Also, our company hired consultants from the then Software Productivity Consortium (now renamed the Systems and Software Consortium, Inc.) as well as PhDs from academia to help re-develop our process set and re-train our employees. After spending millions on this process improvement effort, we decided not to skimp on the deployment aspect and received full support from our company’s upper management.
By the end of 2001, our new process set was deployed and new skills and cultural awareness training sessions were underway in full force. By May, 2002, and after less than one year of “institutionalization,” we were assessed at Software CMM Level-4 and at Level-5 by the end of that year. (Note that many of the practices we had put in place earlier, but that were not judged sufficient in 2000, continued to be performed so institutionalization was quite deep in some areas.) The very next year, since we had taken a CMMI rather than CMM based approach, we were able to hold a CMMI SCAMPI Class A appraisal and achieved Level-5 in 2003!
Measurements – Cornerstones for High Maturity Practices
This section describes the high maturity process deployed at BAE, specifically focusing on measurement practices. The staged representation of the CCMI associates just four process areas (PAs) with Maturity Levels 4 and 5. These are as follows:
• Quantitative Project Management (QPM)
• Organizational Process Performance (OPP)
• Organizational Innovation & Deployment (OID)
• Causal Analysis & Resolution (CAR)
Since only these four Process Areas (PAs) are required to achieve the Silver & Gold Medals of Process Improvement, CMMI Levels 4 and 5, why does it sometimes seem so difficult and take so long to get there?

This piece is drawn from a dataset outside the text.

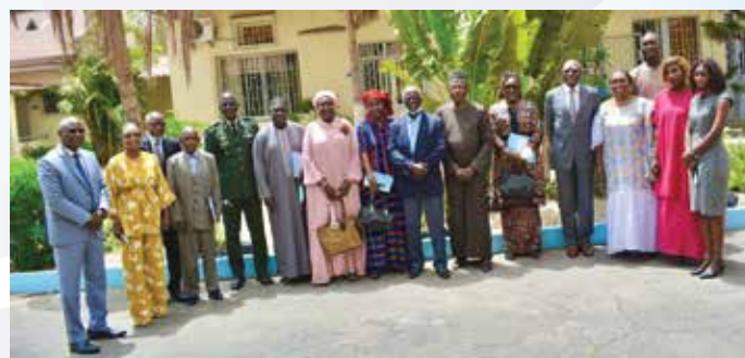
Généraux en activité et Cadres de réserve ayant pris part à l'activité

Dans le cadre des préparatifs de l'organisation de la 7 ème édition du Forum international de Dakar sur la Paix et la Sécurité en Afrique (FDD), la deuxième réunion du Comité des Personnes ressources de la Commission scientifique s'est tenue au Centre des Hautes Études de Défense et de Sécurité (CHEDS), le mardi 15 juin 2021, à partir de 10 heures.

Figure 2. Quantitative Management Process Roadmap
All of these process areas depend on Measurement and Analysis (M&A), a Level 2 process area. Failure to establish the rigor required by M&A at lower levels of maturity makes it difficult to transition to Level 4, which is all about measurement. Bad habits are hard to change.
Measurement & Analysis
To start with, you need to have a well-defined and well-implemented measurement collection and analysis process. Figure 2 depicts our current Quantitative Management (QM) Process Roadmap. This simple, 7-step process has realized fantastic results. At CMMI Levels 2 and 3, merely replace the term “QM” in step 1 with the term “Project Management Measurement” and it’s good to go.

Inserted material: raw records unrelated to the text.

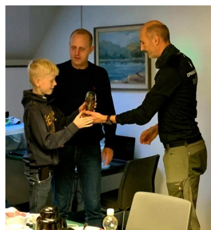
Præmien Francks Ugle overrækkes
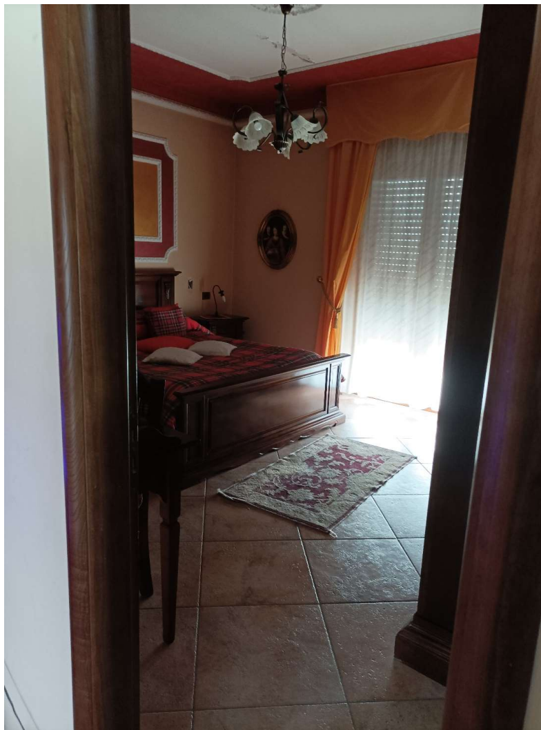
STANZA DA LETTO MATRIMONIALE
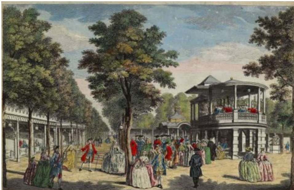
Илл. 17. Воксхолл-Гарденз в Лондоне в XVIII в.
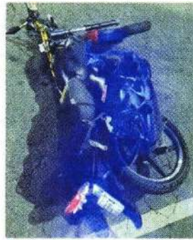
Canal de Chalco fue cerrado mientras retiraban el cuerpo y la moto.

El accidente ocurrió mientras circulaba por los carriles laterales en dirección hacia la Ciudad de México, a la altura de Calle de las Huertas, en la Colonia San Martín Tepetlixpan. La circulación se vio afectada en la zona.

Step 1 – First and foremost, you will need to have an understanding of where you currently are, where you think you’re going, and how you expect to get there. In other words, you need to have a plan; or, more likely, many, many plans. Strategic Process Improvement Plans, Organizational/Project Measurement or Quantitative Management Plans, etc. You don’t want to get to the end of the process and be able to tout that you had everything that you needed to accomplish the task at hand except a valid, documented, and agreed-upon plan of action. Process Action Teams (PATs) are utilized to help define, document, instrument and implement the initial development and/or measurement processes.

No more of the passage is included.